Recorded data
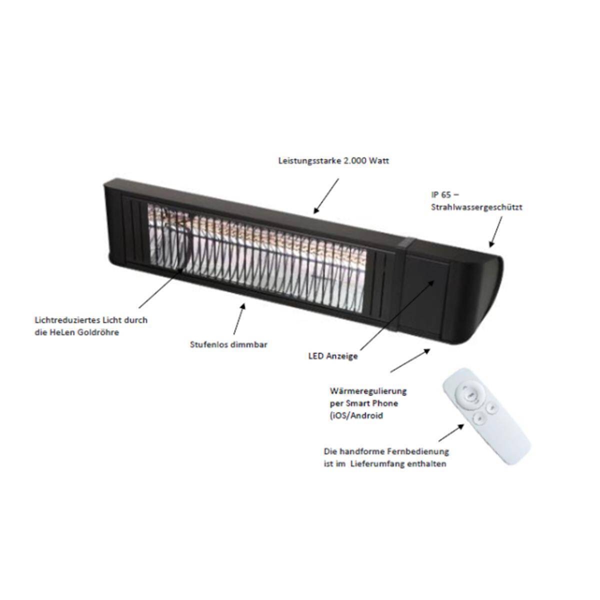 Infrarot-Heizstrahler HeizMeister LuXus Professionell 2 kW schwarz
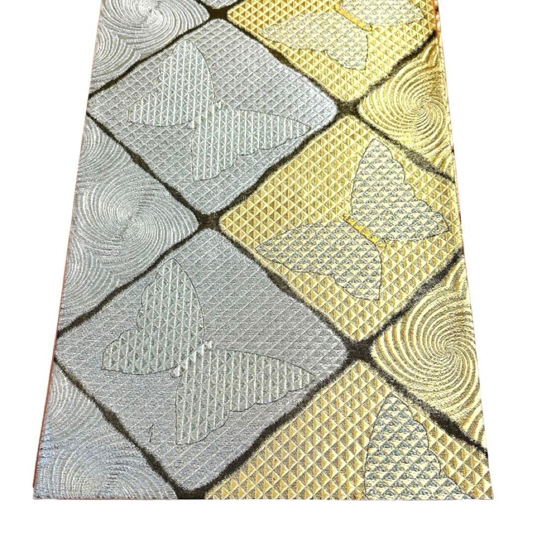 ゴールドとシルバーで織られた斜め格子に渦巻きの文様と蝶の文様が目惹く華やかなデザインの一着です。
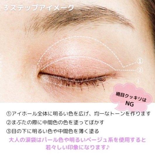 ・カラー: 年齢によりまぶたのくすみが気になる場合、明るめのベースカラーを取り入れるといいです🙂
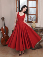 Elegant A-Line Sweetheart Neck Sleeveless Red Midi Prom Dress
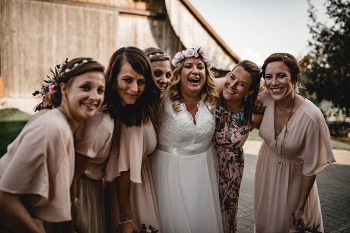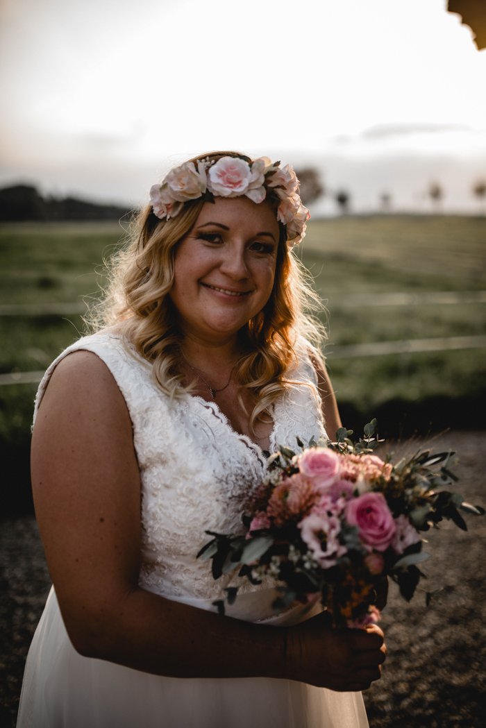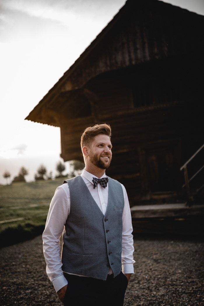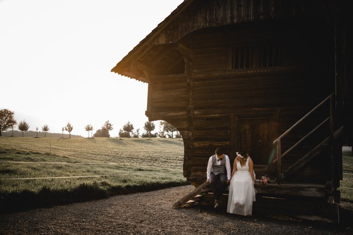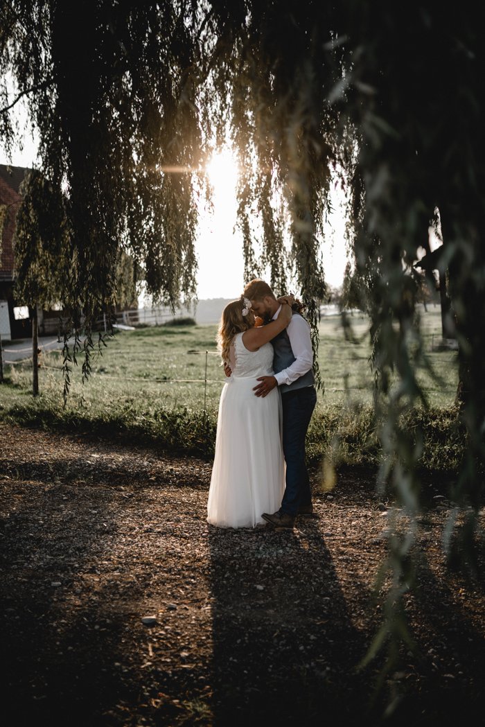Hochzeitsfotografin Stephanie Büchel schwärmte noch immer von der wunderschönen Abendstimmung und der ländlichen Gegend, die sich als irre fotogen für Paarfotos erwies.
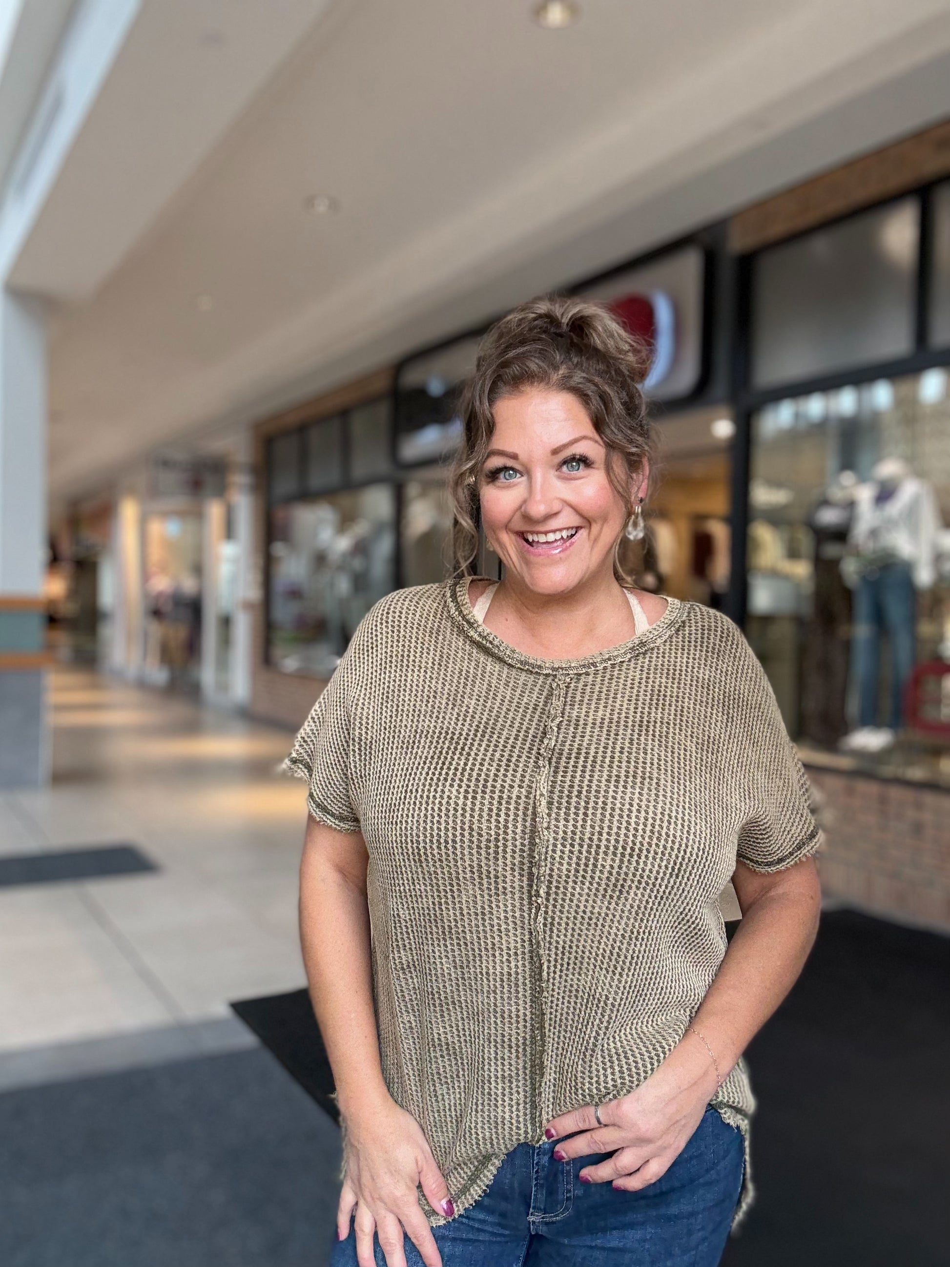 This adorably textured baby waffle top brings comfort and style to your everyday wardrobe! The perfectly washed fabric feels delightfully soft against your skin, while the short sleeves make it ideal for warm weather or layering. Pair with your favorite bottoms for an effortlessly cute look that's ready for whatever adventures your day holds!
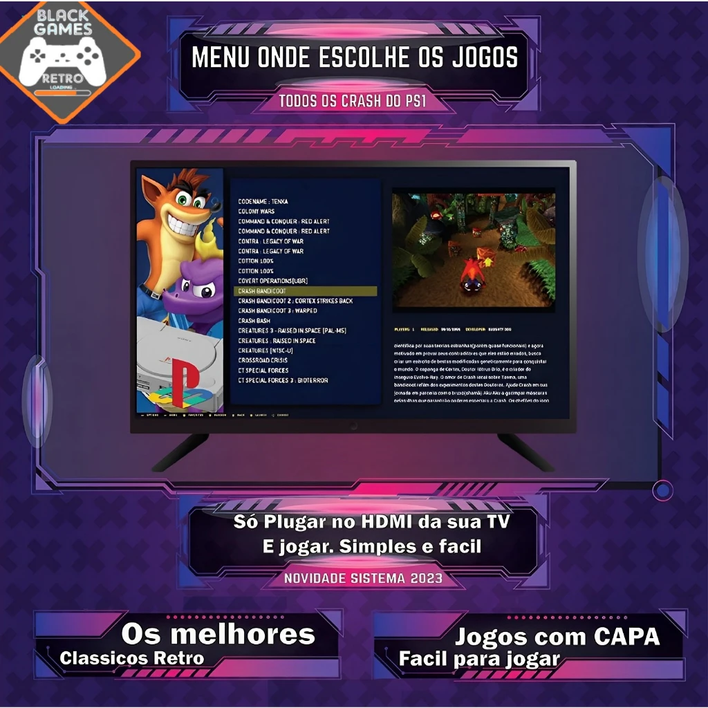 São mais de 140.000 jogos e 85 sistemas diferentes no Videogame Black Retrô... Isso mesmo, 85 videogames em 1! É jogo para se divertir a vida inteira!! Descubra jogos que você nunca conseguiu jogar na época de seus lançamentos, e até sistemas que você não teve a oportunidade de conhecer! Muitas surpresas inesperadas e esperadas (Donkey Kong, Super Mario, Mega Man, Sonic, Crash) que farão você relembrar e aproveitar ótimos momentos jogando.
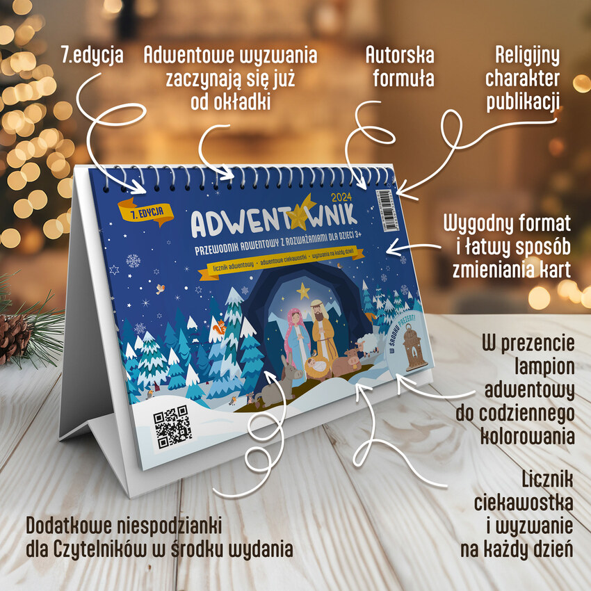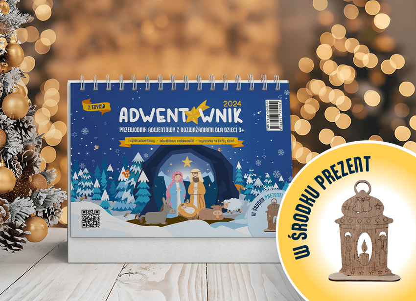 • PONADTO tegoroczna grafika okładkowa nawiązuje do nocy Bożego Narodzenia – przenosimy się do stajenki, w której urodziła się Boża Dziecina. Adwentowe wyzwania zaczynają się już od samej OKŁADKI – zapraszamy dzieci, aby policzyły poszczególne obrazki znajdujące się na okładce
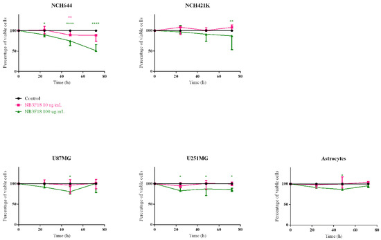 Next, we tested whether NB3F18 has a cytotoxic effect for glioblastoma cells using a WST-1 colorimetric assay. We determined the cytotoxicity of 10 µg/mL and 100 µg/mL NB3F18 on glioblastoma cells and astrocytes over three different time periods: 24 h, 48 h, and 72 h (Figure 10). The greatest negative effect was observed on the cell viability of NCH644 after 48 h and 72 h of incubation when using 100 µg/mL NB3F18. Cell viability was reduced to 84.7% and 55.46%, respectively. Incubation with 100 µg/mL NB3F18 reduced the cell viability of NCH421K to 76.41%. NB3F18 affected the growth of the other studied cell lines to a much lesser extent (Table 3). Importantly, NB318 did not drastically affect the viability of astrocytes even after prolonged incubation.

--- Activity ---
Return only the part above that opens with the line containing "Hochzeitsfotografin Stephanie Büchel" and closes with the line containing "This adorably textured", exactly and with both ends, skipping the pictures.

--- Solution to this problem ---
Hochzeitsfotografin Stephanie Büchel schwärmte noch immer von der wunderschönen Abendstimmung und der ländlichen Gegend, die sich als irre fotogen für Paarfotos erwies.
 This adorably textured baby waffle top brings comfort and style to your everyday wardrobe! The perfectly washed fabric feels delightfully soft against your skin, while the short sleeves make it ideal for warm weather or layering. Pair with your favorite bottoms for an effortlessly cute look that's ready for whatever adventures your day holds!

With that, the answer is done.